START AVAILABLE DATA

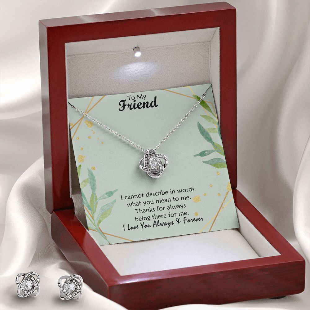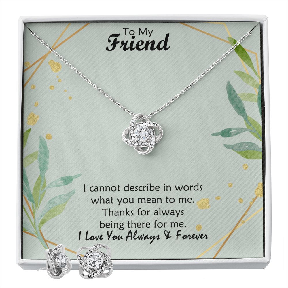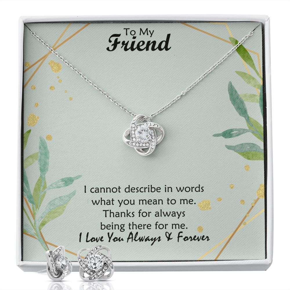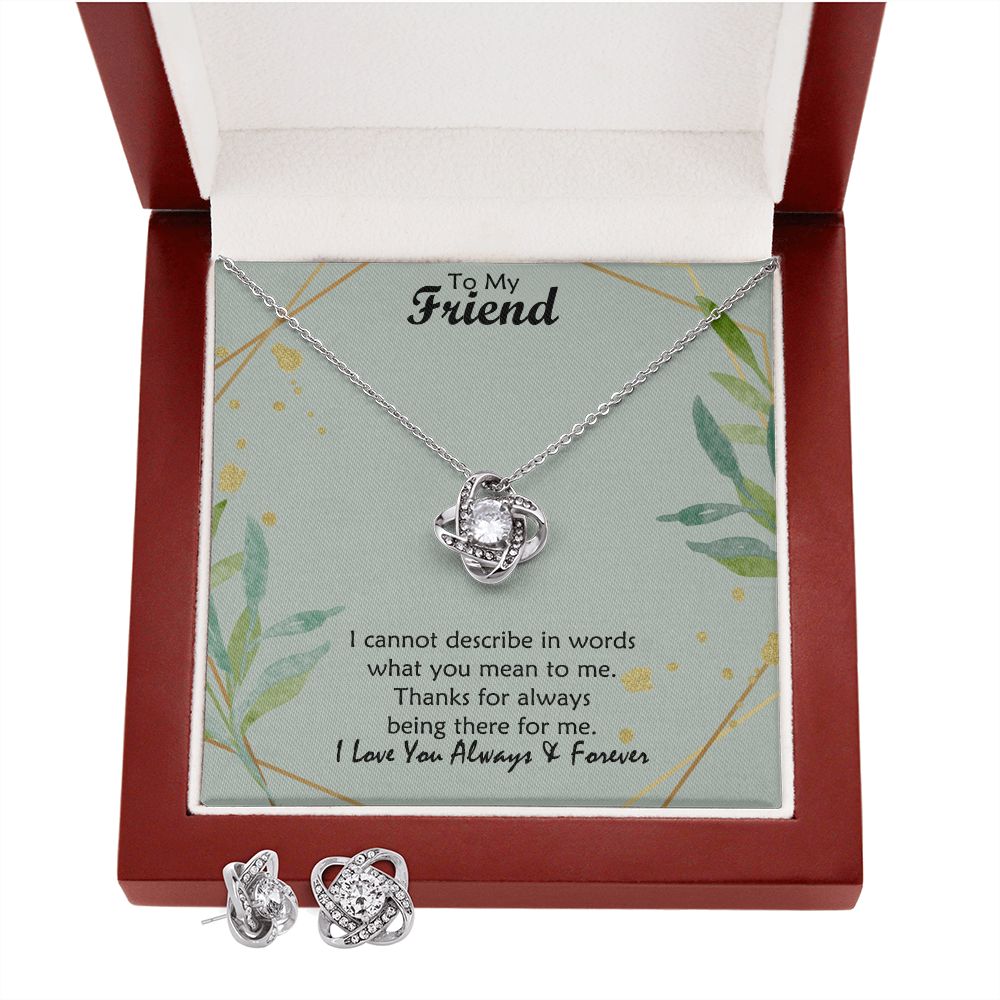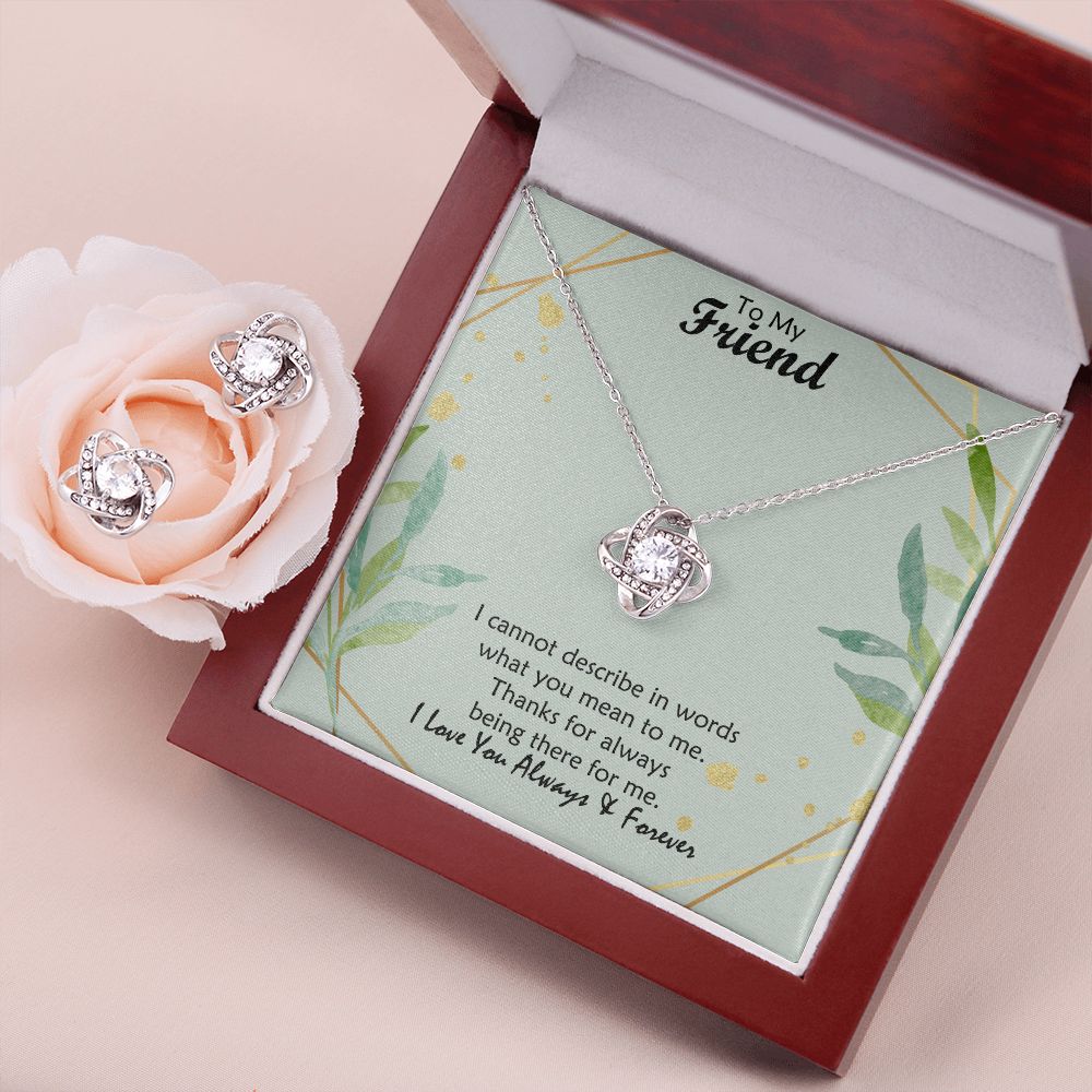To My Friend, I Cannot Describe In Words What You Mean To Me - Love Knot Earring & Necklace Set - Gift for Friend
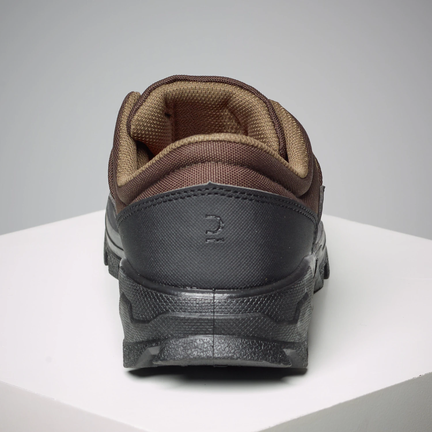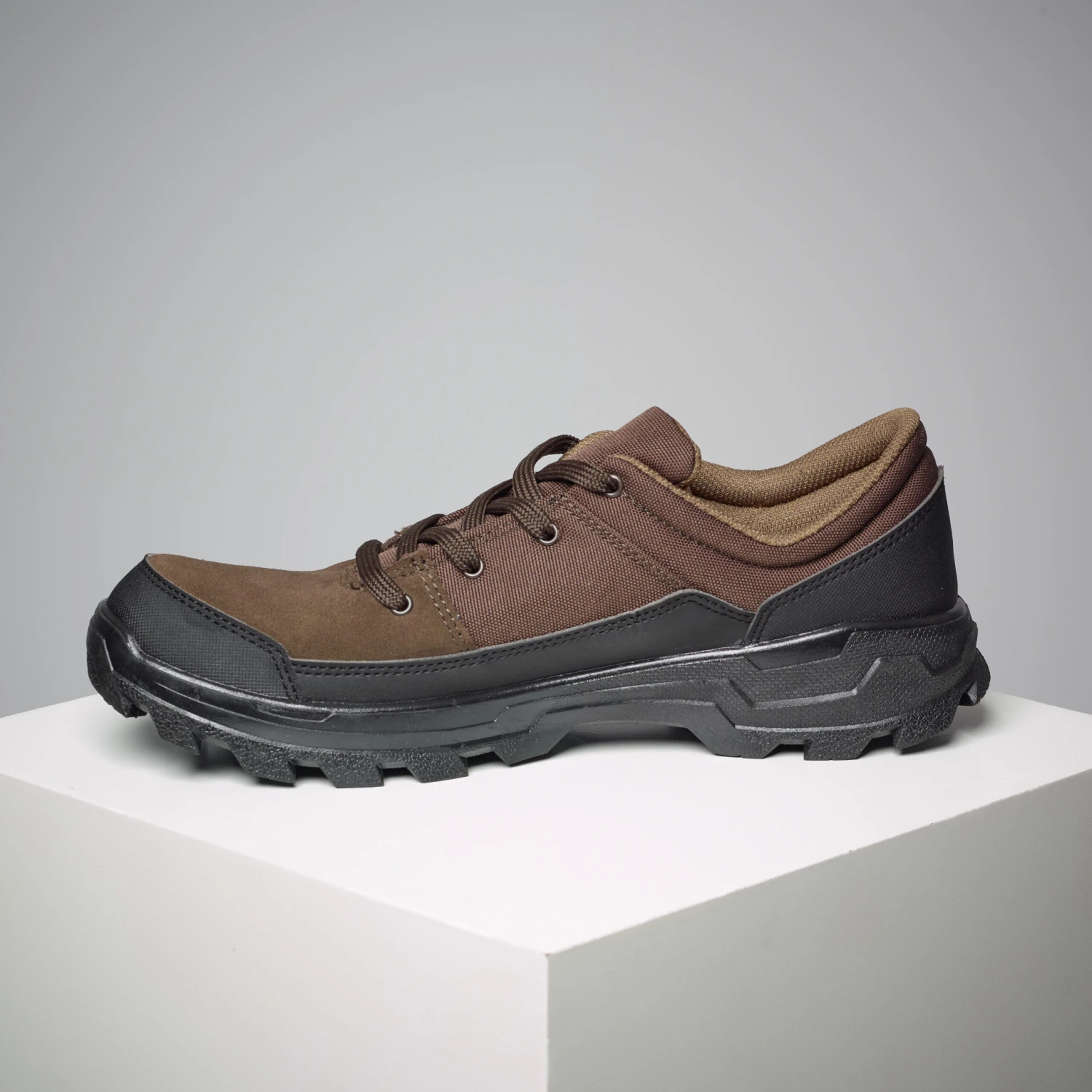 Non-waterproof shoes without shaft designed for all hunting, shooting and outdoor activitiesWith its upper partly made of split leather, its EVA insert and sole, and the reinforcement surrounding your foot, they enable you to very comfortably hunt, work and roam in woodland in dry weather.
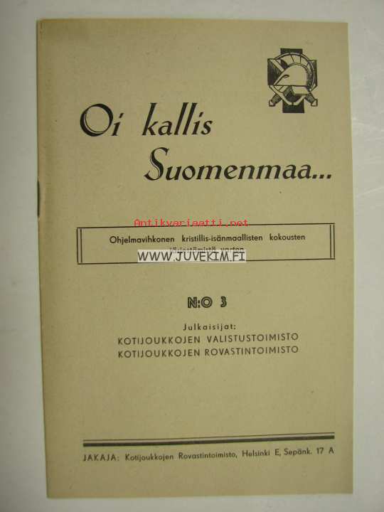 Oi kallis Suomenmaa - ohjelmavihkonen kristillis-isänmaallisten kokousten järjestämistä varten nr 3
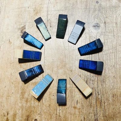 Session 2 - You and your partner will evaluate your line blends, and select the blend that functions best as a glaze. You will then mix this blend at a larger scale, and use this base glaze to develop colours, using tester tiles and adding various percentages of colouring oxides such as red iron oxide, rutile, cobalt carbonate, copper carbonate, manganese dioxide, chrome oxide, illmenite, titanium dioxide and tin oxide / zircopax, as well as artificial stains.
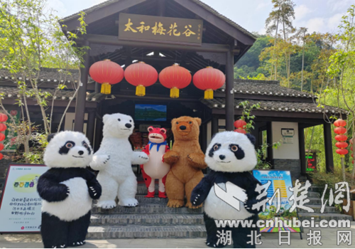 在該縣太和梅花谷旅游區,筆者看到,景區正在對新增設的卡通萌寶游園項目進行排演,竹瀟瀟、大白兔、小青蛙等卡通吉祥物憨態可掬,“五一”期間,將正式與游客見面并展開互動。
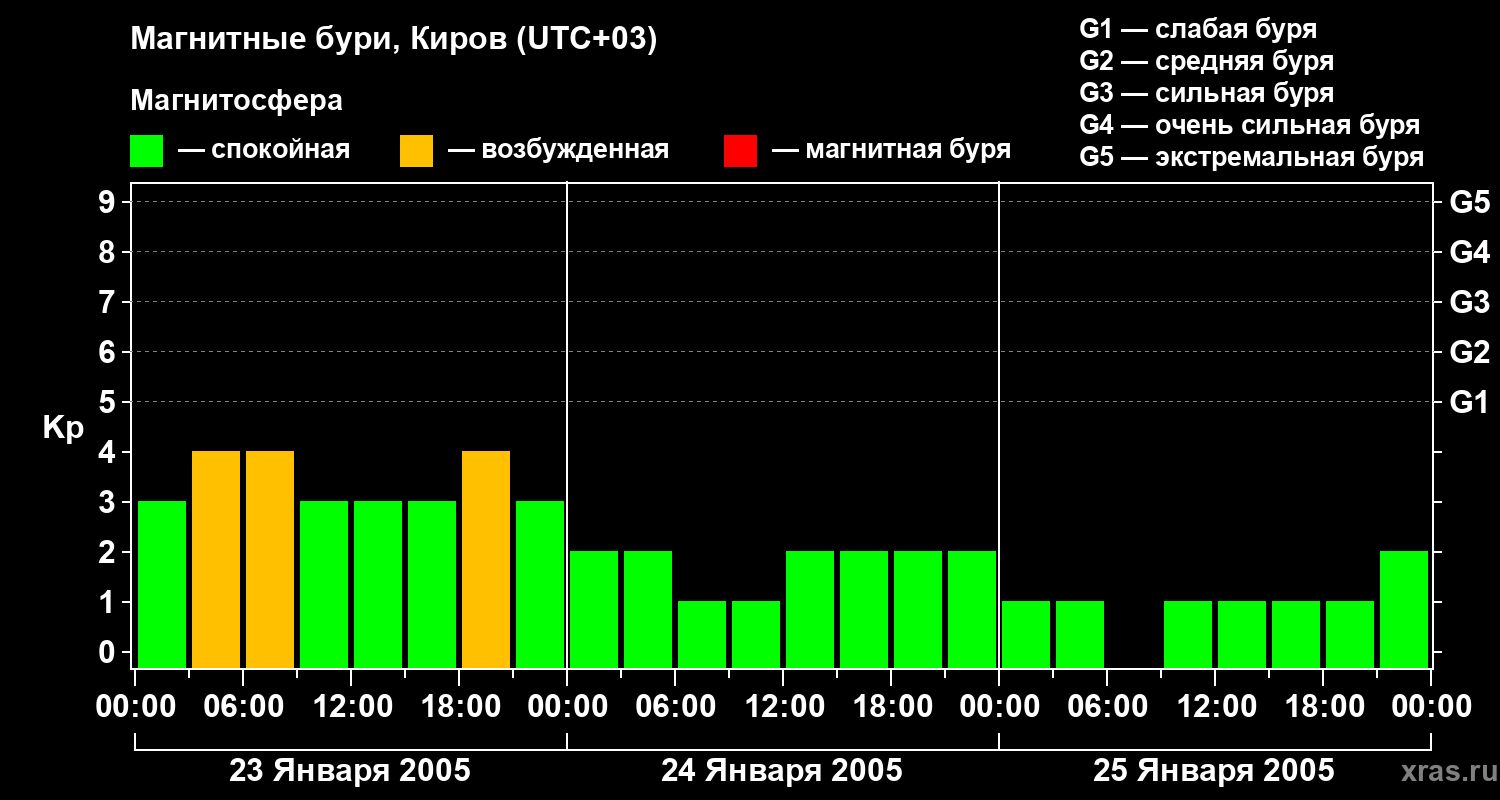 Изменения геомагнитного индекса Kp с 23 по 25 января 2005 года для средних широт
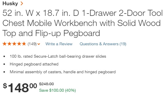 **This workbench is very similar to the Harbor Freight Yukon workbench. However the Yukon is 6 inches shorter. Also the Husky includes the optional flip up peg board and a power strip in the side of the bench. The Yukon is currently selling for $239.99 with THIS COUPON.

END AVAILABLE DATA

# [ASSIGNED TASK]
An exact transcription is requested of each line from the one that holds "Session 2 - You" to the end of the listing above, both boundary lines included; pictures are to be omitted.

# [EXPECTED ANSWER]
 Session 2 - You and your partner will evaluate your line blends, and select the blend that functions best as a glaze. You will then mix this blend at a larger scale, and use this base glaze to develop colours, using tester tiles and adding various percentages of colouring oxides such as red iron oxide, rutile, cobalt carbonate, copper carbonate, manganese dioxide, chrome oxide, illmenite, titanium dioxide and tin oxide / zircopax, as well as artificial stains.
 在該縣太和梅花谷旅游區,筆者看到,景區正在對新增設的卡通萌寶游園項目進行排演,竹瀟瀟、大白兔、小青蛙等卡通吉祥物憨態可掬,“五一”期間,將正式與游客見面并展開互動。
 Изменения геомагнитного индекса Kp с 23 по 25 января 2005 года для средних широт
 **This workbench is very similar to the Harbor Freight Yukon workbench. However the Yukon is 6 inches shorter. Also the Husky includes the optional flip up peg board and a power strip in the side of the bench. The Yukon is currently selling for $239.99 with THIS COUPON.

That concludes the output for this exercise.